§ **EXERCISE REQUIREMENTS**: Restate the full listing word for word and leave the pictures out.
━━━━━ STORED DATA ━━━━━
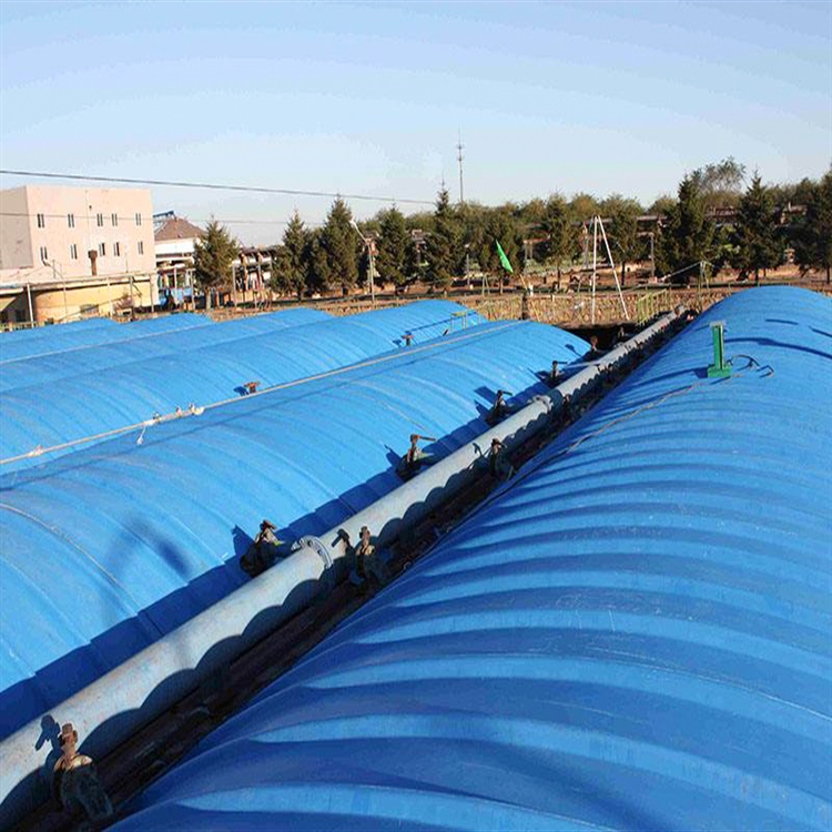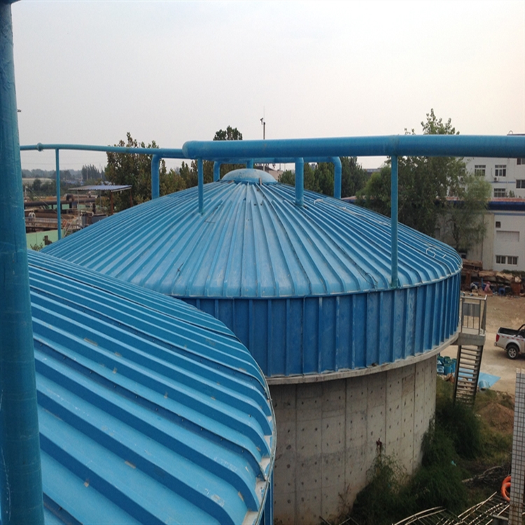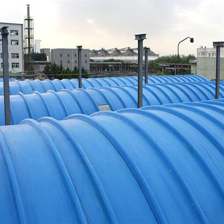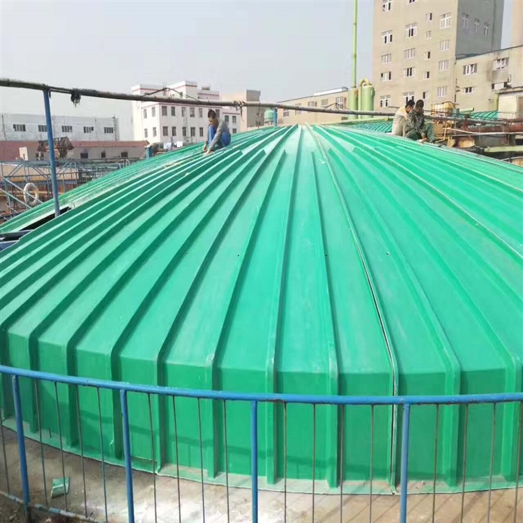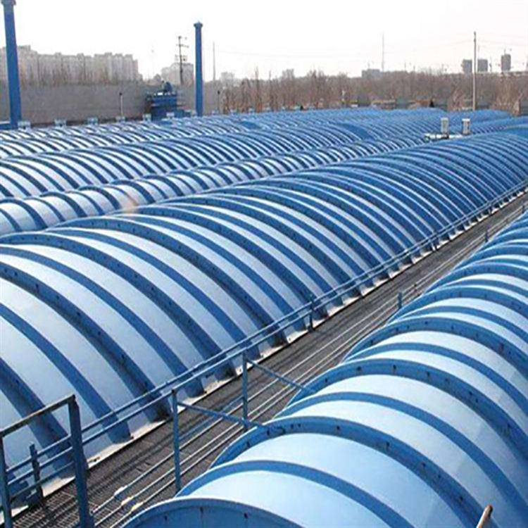 11、為提高產品強度和剛度,根據用戶需要可設計為拱形,供高根據池體跨度確定,集氣罩表面設計為波浪形,產品剛性與載荷大幅度提升,達到高強、安全的目的。對于圓形池體可設計為平板護罩,采用傘形布置、立筋加強,并輔以復合框架支撐。
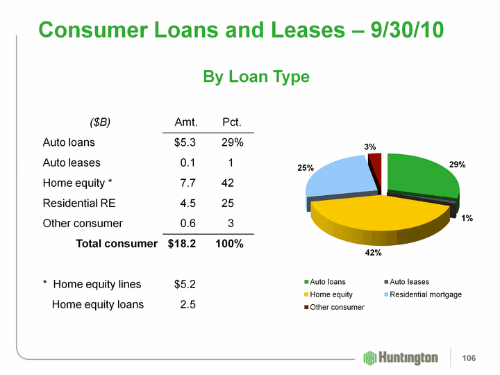 | Consumer Loans and Leases - 9/30/10 106 ($B) Amt. Pct. Auto loans $5.3 29% Auto leases 0.1 1 Home equity * 7.7 42 Residential RE 4.5 25 Other consumer 0.6 3 Total consumer $18.2 100% * Home equity lines $5.2 Home equity loans 2.5 (CHART) By Loan Type |
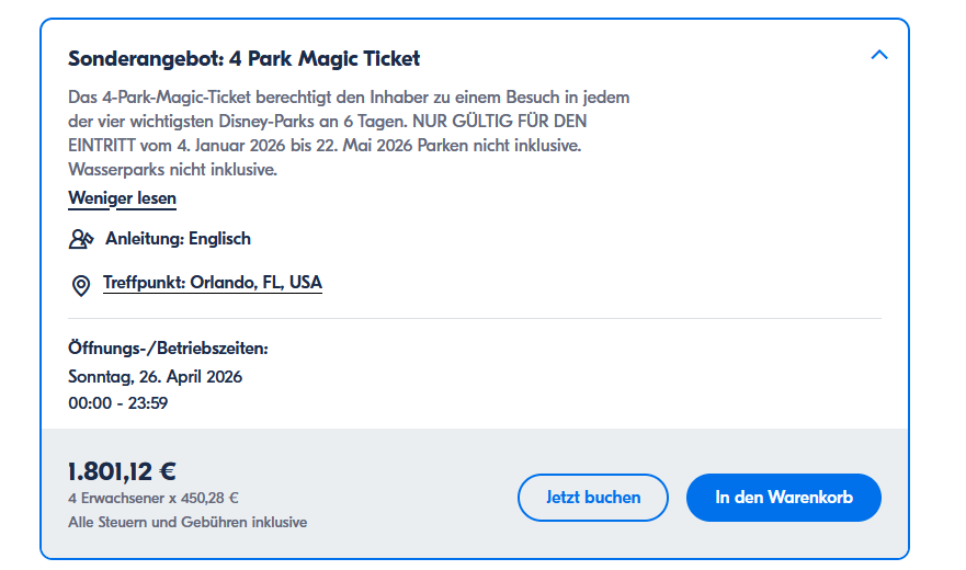 Wenn du über Irland buchst, gäbe es das 14 tägige Ticket (inkl. Hopper, Wasserparks, Memory Maker, Minigolf usw...) für 2.572€ für alle 4, für 14 Tage.
━━━━━
§ **SOLUTION TO THIS TASK**:
 11、為提高產品強度和剛度,根據用戶需要可設計為拱形,供高根據池體跨度確定,集氣罩表面設計為波浪形,產品剛性與載荷大幅度提升,達到高強、安全的目的。對于圓形池體可設計為平板護罩,采用傘形布置、立筋加強,并輔以復合框架支撐。
 | Consumer Loans and Leases - 9/30/10 106 ($B) Amt. Pct. Auto loans $5.3 29% Auto leases 0.1 1 Home equity * 7.7 42 Residential RE 4.5 25 Other consumer 0.6 3 Total consumer $18.2 100% * Home equity lines $5.2 Home equity loans 2.5 (CHART) By Loan Type |
 Wenn du über Irland buchst, gäbe es das 14 tägige Ticket (inkl. Hopper, Wasserparks, Memory Maker, Minigolf usw...) für 2.572€ für alle 4, für 14 Tage.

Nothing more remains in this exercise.